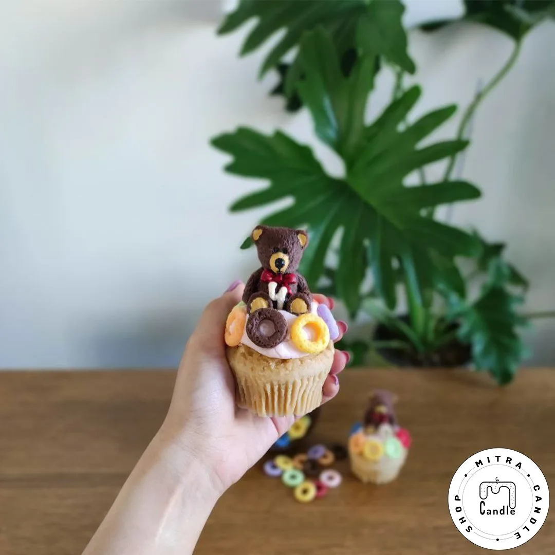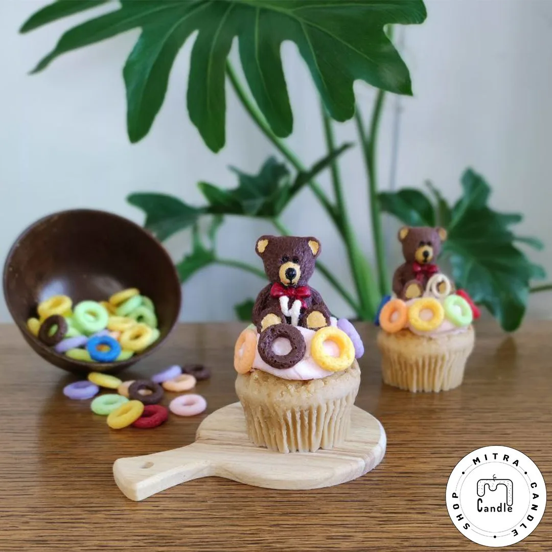 خرید اینترنتی شمع دست ساز مدل شمع کاپ کیک بزرگ خرسی مناسب دکور و هدیه دادن میباشد. تمام اجزا شمع از پارافین میباشد و ایجاد دود و بوی نامطلوب نمیکند و تا انتهای کار میسوزد. از این شمع برای تزیین در مهمانی ها و تولد میتوان استفاده کرد.
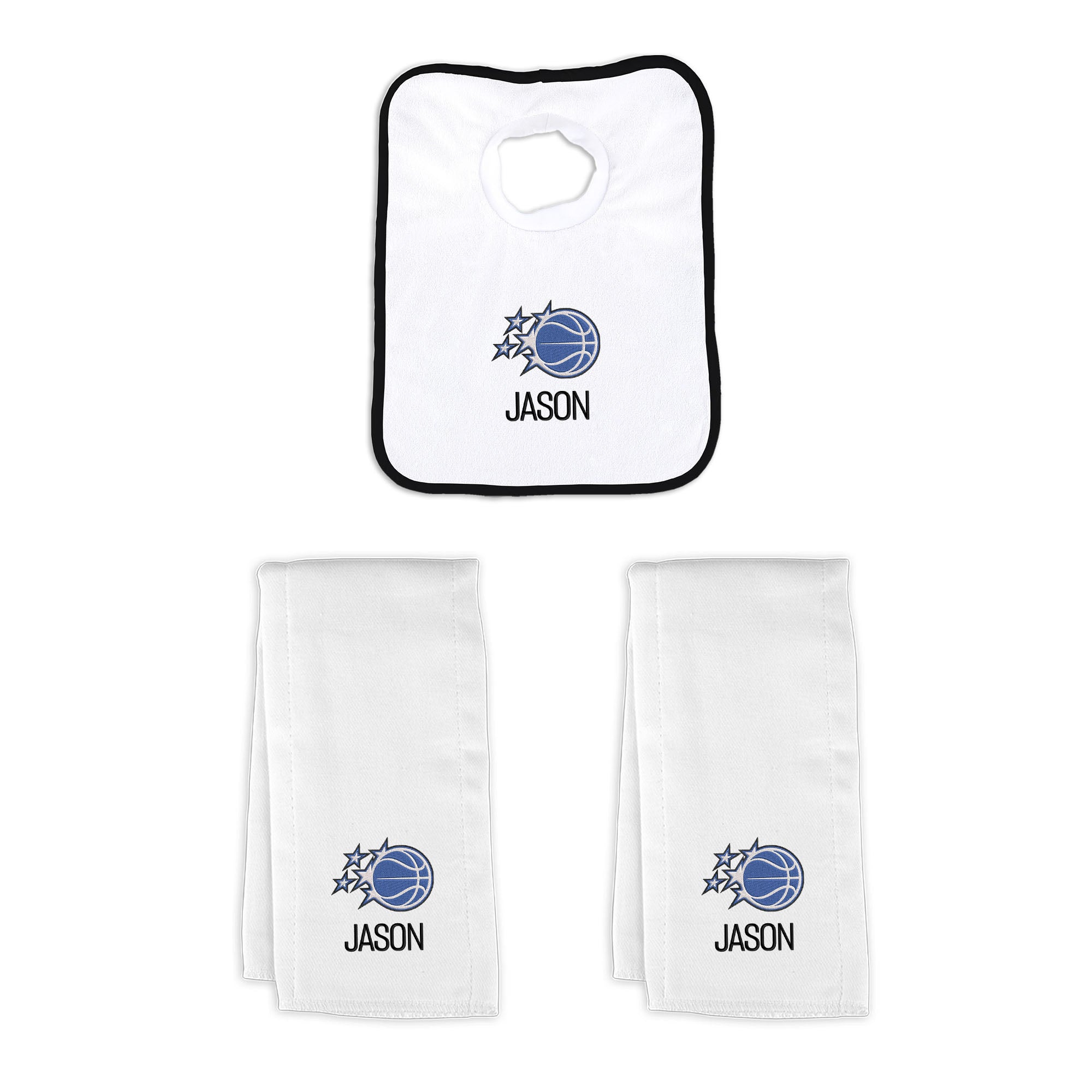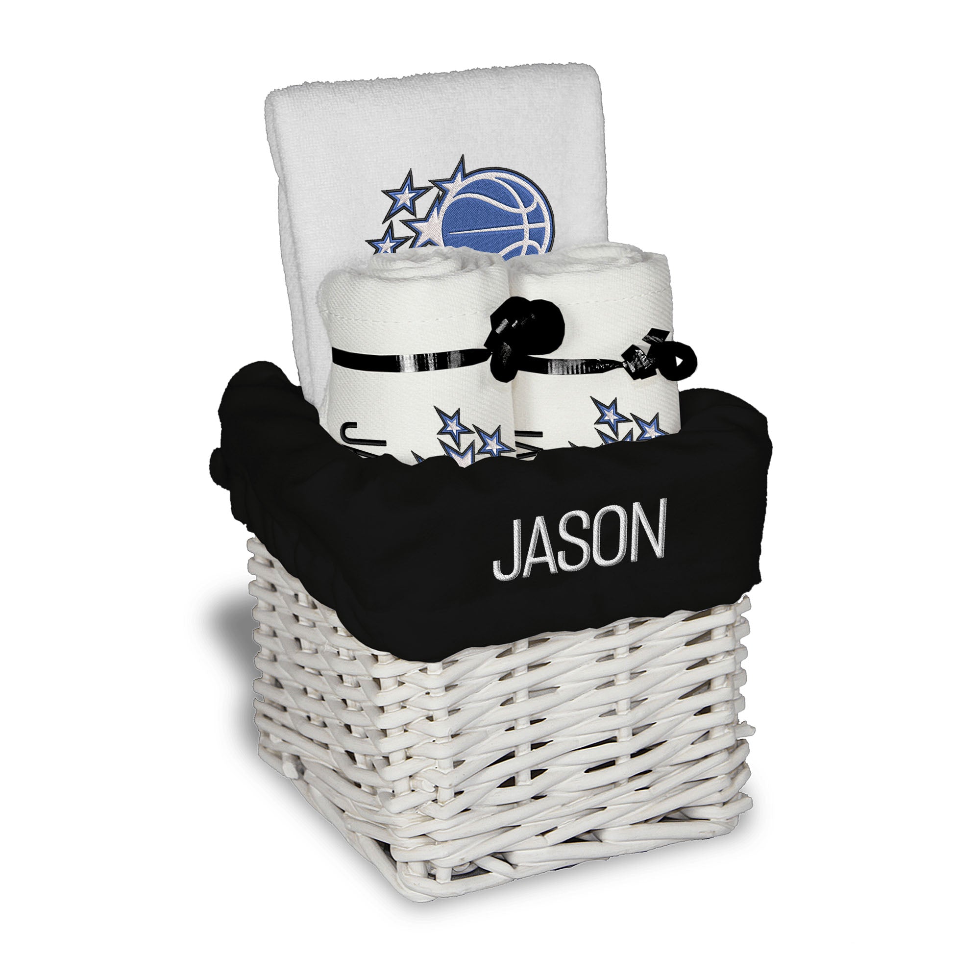 Our Personalized Orlando Magic Small Gift Basket contains 3 of our best-selling items packaged in a white willow basket with a personalized cotton liner. Each basket holds 2 of our 100% cotton burp cloths and a 100% cotton terry pullover bib. each piece is embroidered with the official Magic logo and baby's name or nickname.
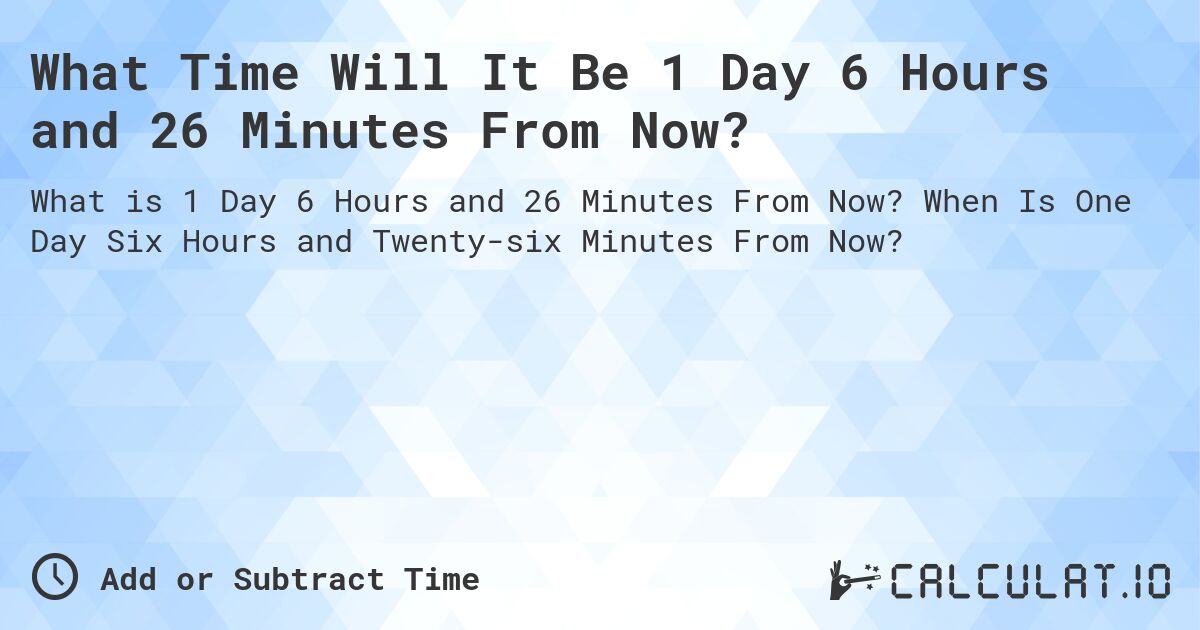 What is 1 Day 6 Hours and 26 Minutes From Now?
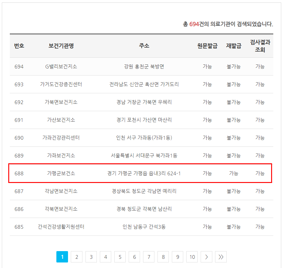 예를 들어 가평군 보건소에서는 재발급이 가능한 것을 확인할 수가 있습니다. 만약 재발급이 가능한지 살펴보기 위해서는 이렇게 미리 인터넷으로 재발급이 가능한지 확인하는 방법도 있지만 가장 좋은 방법은 검사를 받은 보건소에서 직접 발급 받는 것이 가장 좋습니다.
##########
Transcribe the whole of the data exactly, minus any pictures.

▶ _REPLY TO THE TASK_:
 خرید اینترنتی شمع دست ساز مدل شمع کاپ کیک بزرگ خرسی مناسب دکور و هدیه دادن میباشد. تمام اجزا شمع از پارافین میباشد و ایجاد دود و بوی نامطلوب نمیکند و تا انتهای کار میسوزد. از این شمع برای تزیین در مهمانی ها و تولد میتوان استفاده کرد.
 Our Personalized Orlando Magic Small Gift Basket contains 3 of our best-selling items packaged in a white willow basket with a personalized cotton liner. Each basket holds 2 of our 100% cotton burp cloths and a 100% cotton terry pullover bib. each piece is embroidered with the official Magic logo and baby's name or nickname.
 What is 1 Day 6 Hours and 26 Minutes From Now?
 예를 들어 가평군 보건소에서는 재발급이 가능한 것을 확인할 수가 있습니다. 만약 재발급이 가능한지 살펴보기 위해서는 이렇게 미리 인터넷으로 재발급이 가능한지 확인하는 방법도 있지만 가장 좋은 방법은 검사를 받은 보건소에서 직접 발급 받는 것이 가장 좋습니다.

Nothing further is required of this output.